Today’s Complaint was filed in Barakat v. Brown (W.D. Mo.) Mo.)
[21.] Frontier Justice imposes a discriminatory headwear ban that prohibits, “Hats, caps, bandanas or any other head covering…except baseball caps facing forward.” (Frontier Justice Membership and Range Rules – Dress Code). Exhibit 1.
[22.]According to Defendant Mike Brown’s guidelines and their headwear bans, Frontier Justice has denied Muslim hijab wearers entry. This was based on their dress code policy violations. Frontier Justice also allows similar-situated individuals to access their facilities.
If the policy was indeed just a pretext for discriminating against Muslims (even if only some Muslims), or was otherwise discriminatorily enforced against Muslims, that would probably indeed violate the public accommodations provision of the federal Civil Rights Act of 1964, though that’s not completely clear. Only certain types of businesses are covered by the Act:
The following establishments are public accommodations if they serve the public and if their operations have an impact on commerce.
(1) Any inn, hotel or motel that provides accommodation to temporary guests.
(2) A restaurant, cafeteria and lunchroom which sell food on their premises. [and]
(3) any motion picture house, theater, concert hall, sports arena, stadium or other place of exhibition or entertainment ….
Place is the only category that might cover gun ranges.[s]Exhibition or entertainment Daniel v. Paul (1969) held that this term includes “recreational areas” and not just places for spectators to watch events (as in the theaters, concert halls, and stadiums that are listed in the same subsection); United States v. DeRosier (5th Cir. 1971) likewise held that a bar qualified because of the presence of a “juke box, shuffle board and pool table for the use and enjoyment of the bar’s patrons.” Ask if a shooting range is considered different because it’s partially (largely)? principally?) Focused on the practical aspects of training rather than entertainment.
[2.]Missouri has a broader anti-discrimination statute that covers shooting ranges which are open to all (emphasis in added).
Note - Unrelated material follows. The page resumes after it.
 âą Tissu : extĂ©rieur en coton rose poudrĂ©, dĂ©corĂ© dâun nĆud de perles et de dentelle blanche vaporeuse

“Places to public accommodation” [means] all places or businesses offering or holding out to the general public, goods, services, privileges, facilities, advantages or accommodations for the peace, comfort, health, welfare and safety of the general public or such public places providing food, shelter, recreation and amusement, This includes, but is not limited to:
(a) Any inn, hotel, motel, or other establishment which provides lodging to transient guests …;
(b) Any restaurant, cafeteria, lunchroom, lunch counter, [or] soda fountain …;
(c) A gasoline station that includes all amenities located within its premises, and which are made accessible to customers thereof.
(d) Any motion picture house, theater, concert hall, sports arena, stadium, or other place of exhibition or entertainment …..
So if this is a range that most members of the “general public” can just go into and use —as opposed to a “private club,” which is exempted from the law—then the owner is legally barred from discriminating among patrons based on religion (or various other attributes). However, I think that the state statute requires the plaintiff to first file a lawsuit before the Missouri Commission on Human Rights. The plaintiff then decided to directly go to the federal court pursuant to the federal statute. This is something it could do without having to first file such a complaint.
The moral rights and wrongs of antidiscrimination legislation are left to the experts. What I can offer is a legal analysis.